Credit: Take One Leave One

Last week, the Vauxhall team hosted a launch event to encourage even more people to get involved with Take One Leave One this winter. Last year, over 30 rails were set up across the UK, many by furloughed workers. The sites are outdoors, with additional safety measures to reduce the risk of coronavirus transmission.

One volunteer in attendance was homeless when he first started coming along back in February. After spending time with the team, he has now found accommodation and comes back each week to serve hot drinks to the guests.

Also at the launch event were volunteers Comfort and Victor, who set up a rail in Thornton Heath, as well as Take One Leave One’s very own mascot – Farringdon Bear, a homeless stuffed koala who was found on a train earlier this year and whose search for his owner went viral.

“It was beautiful, it really brought tears to my eyes,” said Stefan Simanowitz, who set up London’s first Take One Leave One rail outside his office in 2018, after seeing a similar idea in the US and Mexico. “It really felt like this was something that was part of the community, something that has grown from the grassroots upwards.
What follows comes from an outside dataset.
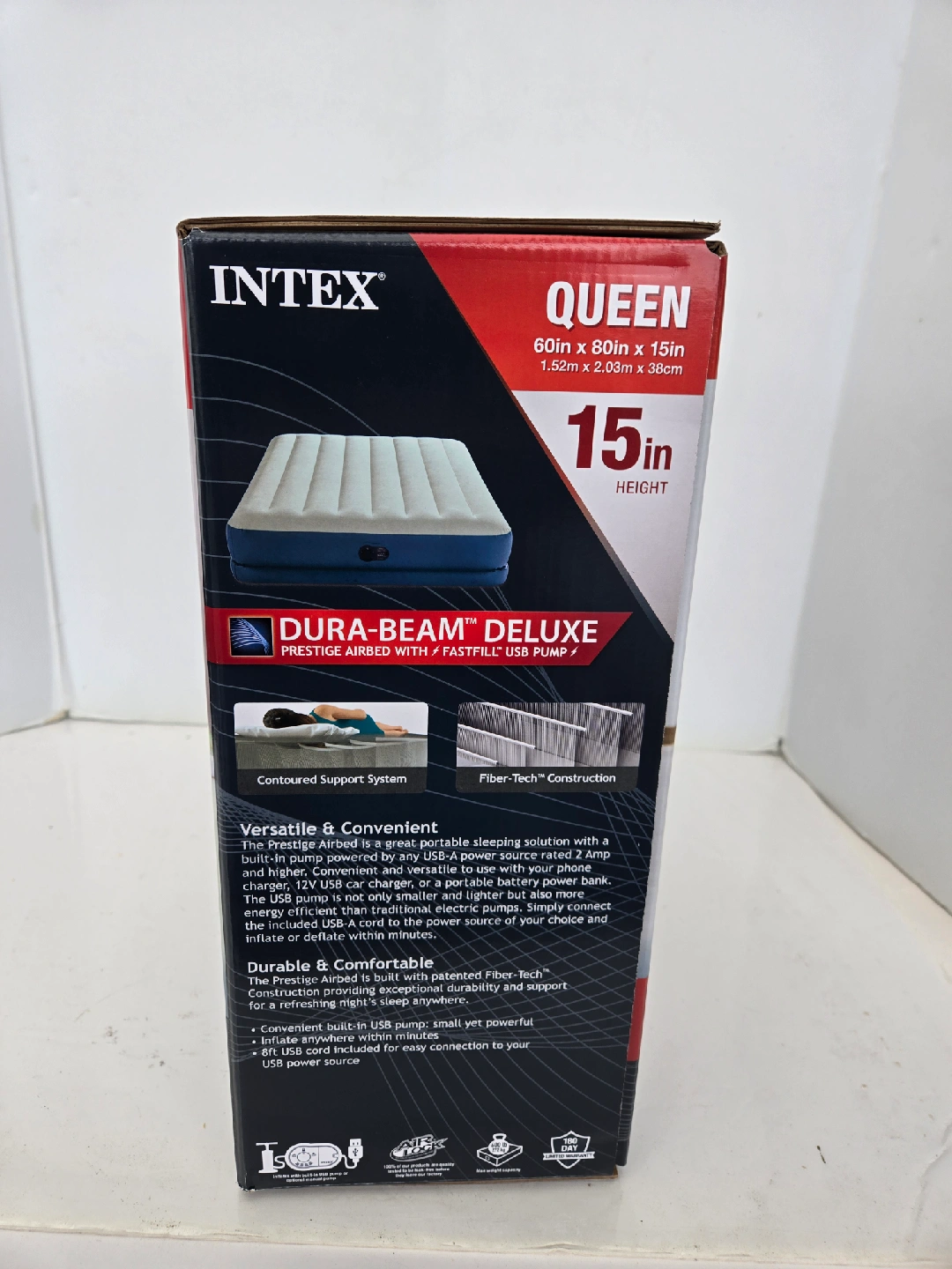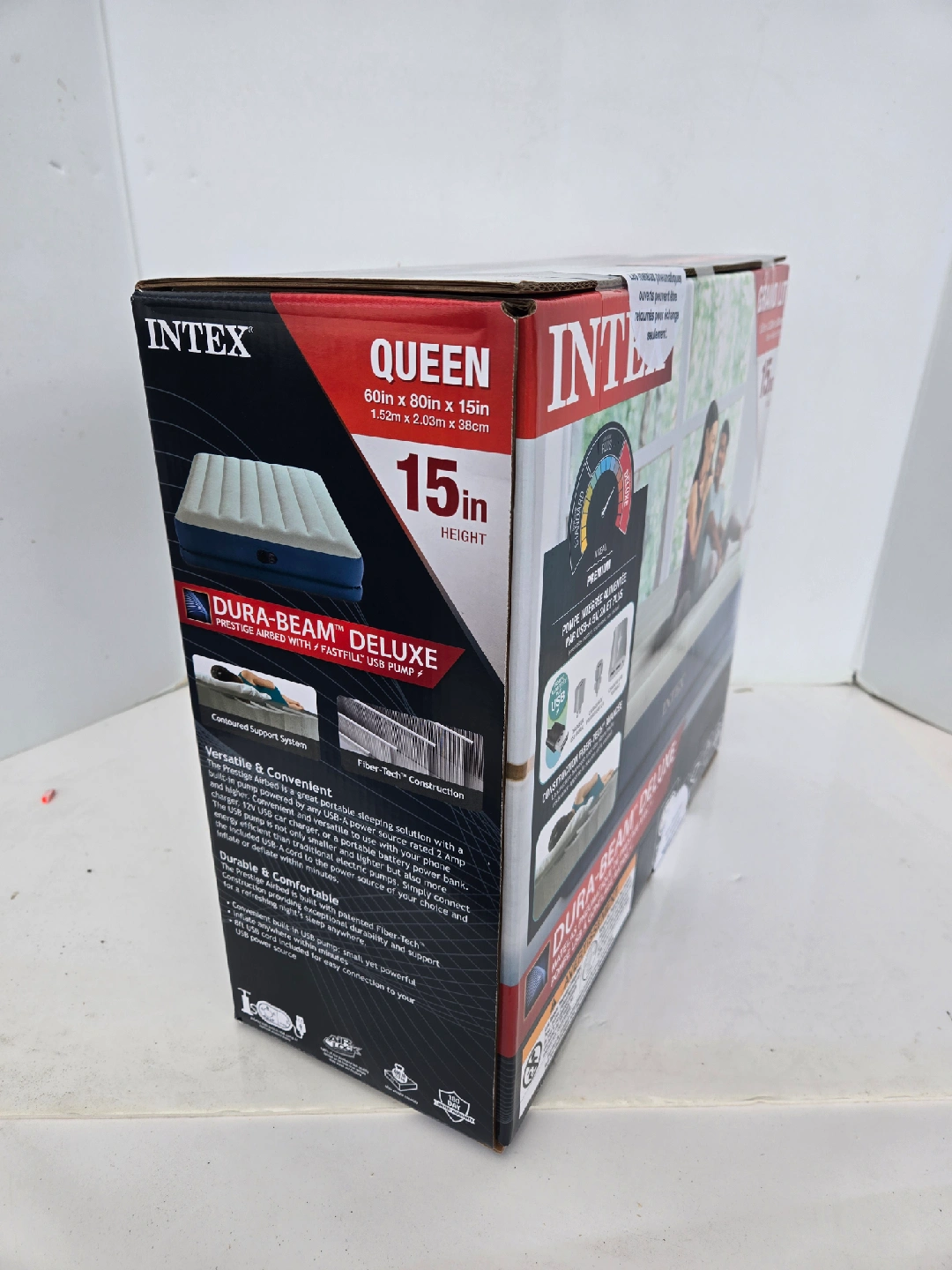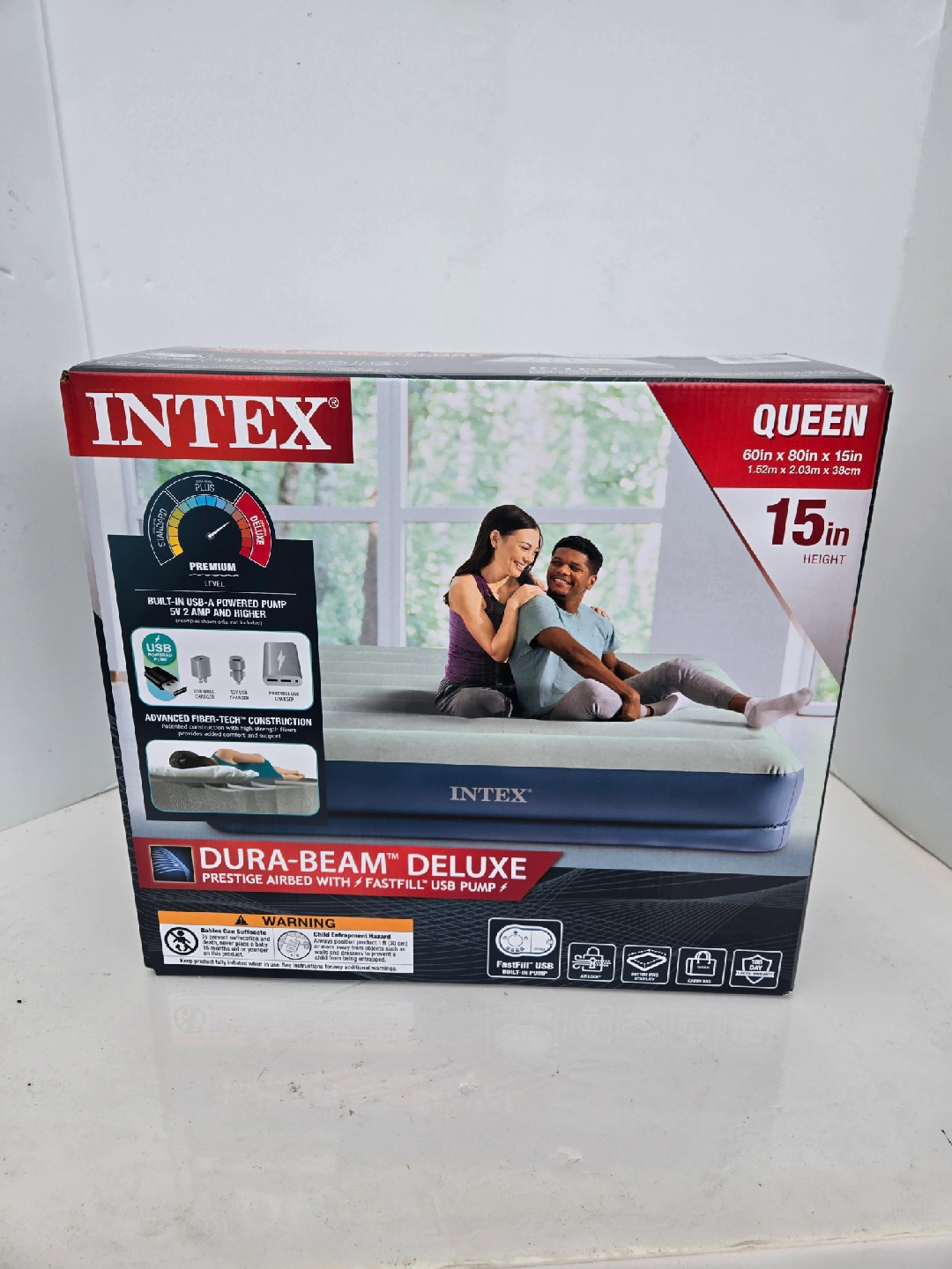 INTEX Dura-Beam Air Mattress w/ Built-in USB-powered Pump, 15in. Queen Brand new intex air mattress. New sealed by manufacturer never opened. Price is firm Pick up near 22nd skytrain new west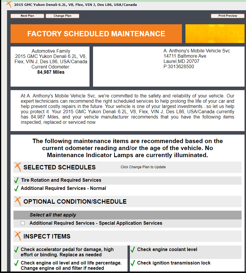 Here is what you get from me when I perform an Oil Service (at a minimum) or a Factory Scheduled Maintenance Service: a 2-mile pre service Test Drive, Battery Test, Fluid Sample Comparison, Digital Vehicle Inspection that covers 30 or more points on your car with pictures sent to you with a full health report, the Engine Oil Filter replaced, the Engine Oil replaced, Maintenance Reminder Light reset, Tire Pressure adjusted, and a 2-mile post service Test Drive. You receive a full estimate of items that require immediate attention and items that will need attention soon so you can stay on top of the health of your car.

“We always launch at this time of year because it’s the run up to Christmas when everyone is encouraged to think about their neighbours and think about goodwill.

“But it’s obscene that in a country which is one of the biggest economies in the world, that we are needing to do this.

“This isn’t a solution to the problems that we face in this country and around the world. It’s a sticking plaster. What is needed is his government action.”